Parallel optimization of a DCT image compression algorithm for resource-constrained platforms
Bibliographic entry
Li, B. Parallel optimization of a DCT image compression algorithm for resource-constrained platforms / B. Li, J. Ma // Новые горизонты – 2025 : сборник материалов XII Белорусско-китайского молодежного инновационного форума, 27–28 ноября 2025 года / Белорусский национальный технический университет. – Минск : БНТУ, 2025. – Т. 1. – С. 84-85.
Abstract
For resource-constrained platforms, this paper presents an 8 × 8 blockbased parallel implementation of the DCT/IDCT. The method decomposes the 2D transform into two 1D transforms, uses a slice-safe preallocated 3D buffer together with block-level parfor parallelism, and avoids contention and copying overhead from temporary arrays. Using a batch of 10 images as an example, the average latency without parallelism is 10.422 s per image.

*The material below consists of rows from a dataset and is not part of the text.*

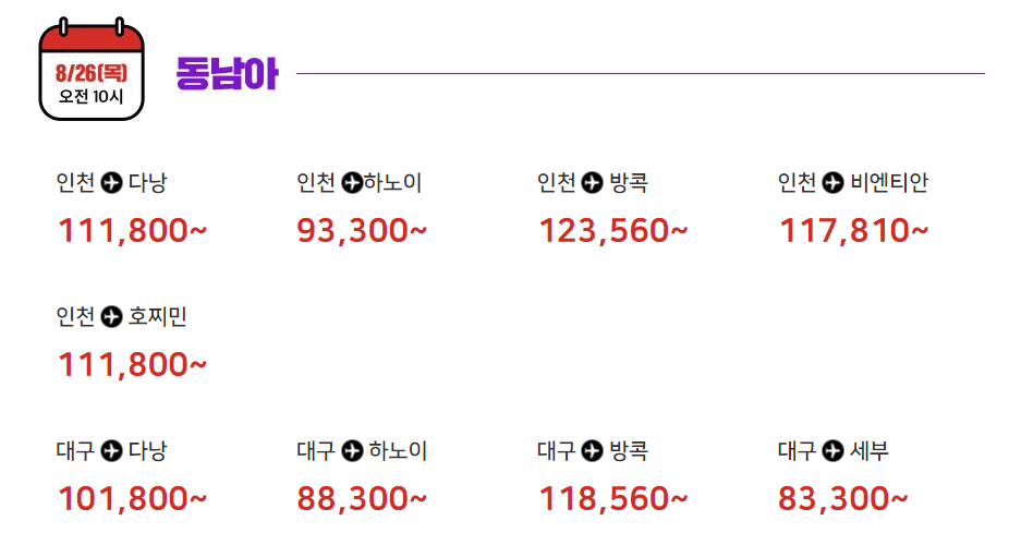 인천 - 방콕 123,560원부터 / 인천 - 비엔티안 117,810원부터 / 인천 - 호치민 111,800원부터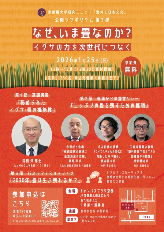 京都橘大学・研究ユニット「海外と日本文化」は、1月25日(日)、キャンパスプラザ京都にて公開シンポジウム「なぜ、いま畳なのか?-イグサの力を次世代につなぐ-」を開催します。調湿性や消臭性、抗菌作用など優れた衛生機能を持つ日本の伝統床材「畳」は、原料であるイグサの産地縮小、職人の高齢化により、いま文化継承の大きな岐路に立たされています。和紙や樹脂などを畳の材料とする製品も登場する中、イグサを原料とする「本物の畳」を次世代につなぎ継承していく道筋について議論する機会としたいと考えています。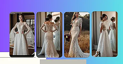 Okay, so check out this wedding dress! It’s giving off major bohemian vibes, like she’s about to run off and start a band with a bunch of woodland creatures (in a good way, of course!). Seriously, those sleeves look like they could catch butterflies, and the whole lace thing is like a fancy forest fairy threw up all over it… again, a compliment! You could totally wear this to a beach wedding, a music festival, or maybe even just to your next history class to liven things up!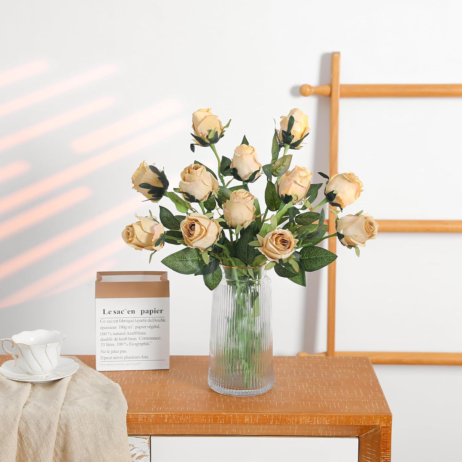 12Pcs Realistic Fake Champagne Roses Faux Flowers with Long Stems, Artificial Silk Rose Flowers for Valentines Day Home Wedding Decor Bridal Bouquet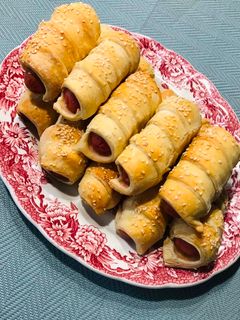 Щільно загорнути сосиску в смужку тіста. Викласти сосиски в тісті на деко, змастити тісто збитими жовтками для блиску. Випікати в духовці 20 хвилин при 180°.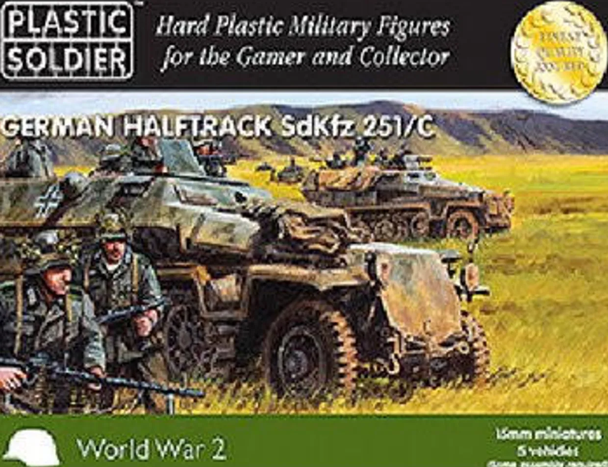 The Plastic Soldier Company 1/100 Sd.Kfz.251 Ausf.C Half-track from our 1/100 (15mm) military vehicle model kits range range accurately recreates the real-life German armoured half-track from World War II. This plastic model kit requires paint, and may require glue, to complete.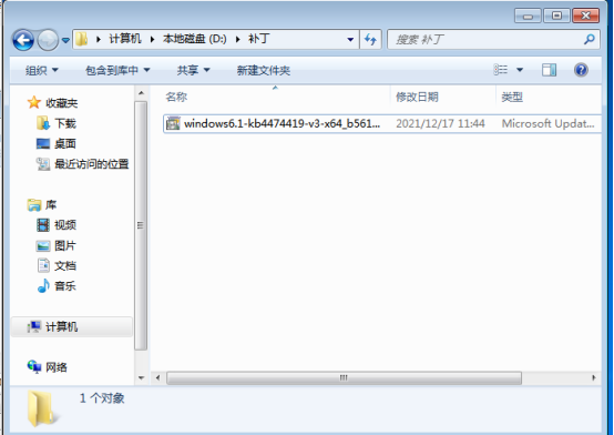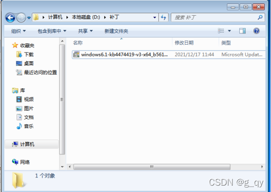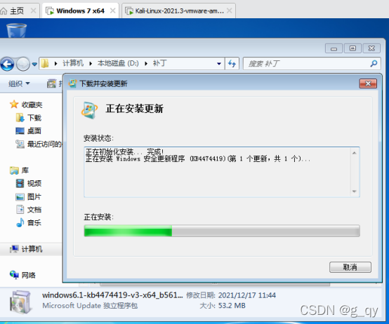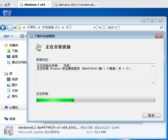1.在自己的物理机下载好补丁,拖到kali界面的win7文件夹里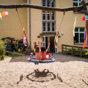 Im Mai wurde unsere tolle, große Nestschaukel, die wir dank des Preisgeldes vom Kinderinklusionspreis kaufen konnten, offiziell eingeweiht. Diesen haben wir 2019 verliehen bekommen und gleichwohl die Schaukel schon länger die Pausen und Nachmittage unserer Schüler*innen bereichert, wollten es sich die Personen, die den Kinderinklusionspreis ins Leben gerufen und das Preisgeld gestiftet haben, nicht nehmen lassen, die Schaukel in Aktion zu sehen.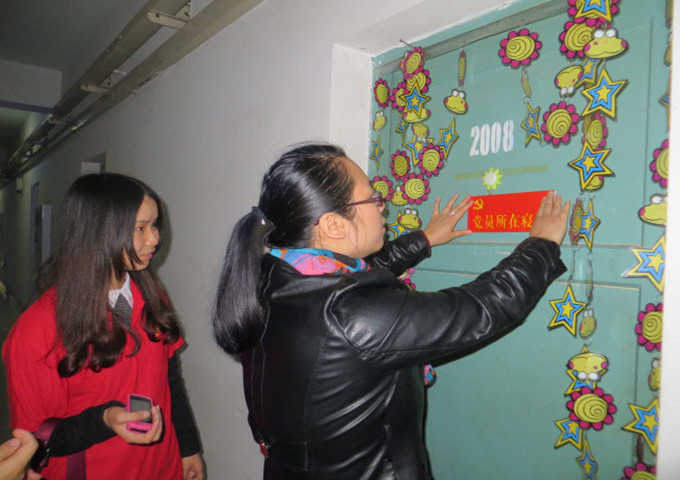 下午四点半,北六栋公寓静静的楼道上泛起阵阵脚步声,党服的站长们开始为党员所在寝室挂牌(党员所在寝室),和以往不同,本次挂牌采用塑胶泡沫制成,比往届所用的塑料纸更加鲜艳大方。百忙之中的郝颖老师也抽出时间来参加这次重要活动。经过老师和同学的配合,挂牌工作有条不紊的进行,积极而效率的完成工作,当同学们学习之后回到寝室,“党员所在寝室”的挂牌殊荣一定会同学们有更大的激励。最后挂牌活动有段小插曲,郝颖老师细心整理了楼栋的宣传栏,精心细致的工作态度给党服的每位同学树立了榜样。

After applying the optimizations proposed here, the average time for parallel DCT compression over ten images is 1.234 s per image – an 8×+ speed-up. The paper analyzes representative outliers and suggests optimization directions. Compared with recent work that emphasizes GPU implementations, this study focuses on reproducible engineering practice on general-purpose CPUs/embedded scenarios, providing a baseline for subsequent SIMD/fixed-point work and end-to-end JPEG optimization.